The EU Innovation Fund, Europe’s largest grant program for low-carbon technologies, has opened its 2025 call cycle with a total budget of €40 billion spanning 2020-2030. Managed by the European Commission, the fund aims to accelerate climate neutrality by 2050 by supporting innovative CO2-reducing projects in energy-intensive industries, renewable energy, energy storage, CCUS, net-zero mobility, and buildings. Applications are assessed on greenhouse gas reduction potential, innovativeness, maturity, replicability, and cost-effectiveness. Crucially, projects must demonstrate at least 75% of the calculated emission avoidance to receive the full grant amount.
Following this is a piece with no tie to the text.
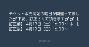 Hirokazu Ozaki @ozahirosan – 17:16・2026年4月12日 2026 4/12 2026-04-12 OTOKOTIMESさんがリポストチケット販売開始の曜日が間違ってました🙇♂️ 下記、訂正させて頂きます🙇♂️🙇♂️ 【訂正前】 4月19日(土)16:00〜 ↓ 【訂正後】 4月19日(日)16:00〜 Source:https://x.com/ozahirosan/status/204324177633787... text X Post この記事が気に入ったら フォローしてね! Follow @OtokoTimes1988 よかったらシェアしてね! URLをコピーしました! Koyo Maeda @koyomaeda - 15:39・2026年4月12日 TEAM54 @team54notice - 17:45・2026年4月12日

Specific 2025 calls include: the general Net Zero Technologies call (open 4 Dec 2025 – 23 Apr 2026) covering decarbonization initiatives and component manufacturing for renewables, storage, heat pumps, and hydrogen; the Batteries call for innovative EV battery cell production; the IF25 Pilot Heat Auction (€1 billion, open 3 Dec 2025 – Feb 2026) targeting industrial process heat decarbonization via electrification (heat pumps, electric boilers, induction heating) and renewable heat (solar thermal, geothermal); and the Renewable Hydrogen Auction (€1.2 billion, open 3 Dec 2025 – Feb 2026) offering a fixed premium per kg of hydrogen to bridge production cost gaps, with €200 million reserved for maritime applications. Companies of all sizes—including SMEs—are eligible.

Key Points
  • Total budget of €40 billion from 2020-2030 for CO2-reducing innovations across industries
  • Pilot Heat Auction (€1B) supports electrification of industrial heat via heat pumps, electric boilers, induction heating, and renewable solutions
  • Renewable Hydrogen Auction (€1.2B) offers fixed premium per kg of hydrogen, with €200M earmarked for maritime

Why It Matters

Massive EU funding accelerates industrial decarbonization and hydrogen scale-up, directly driving Europe toward climate neutrality by 2050.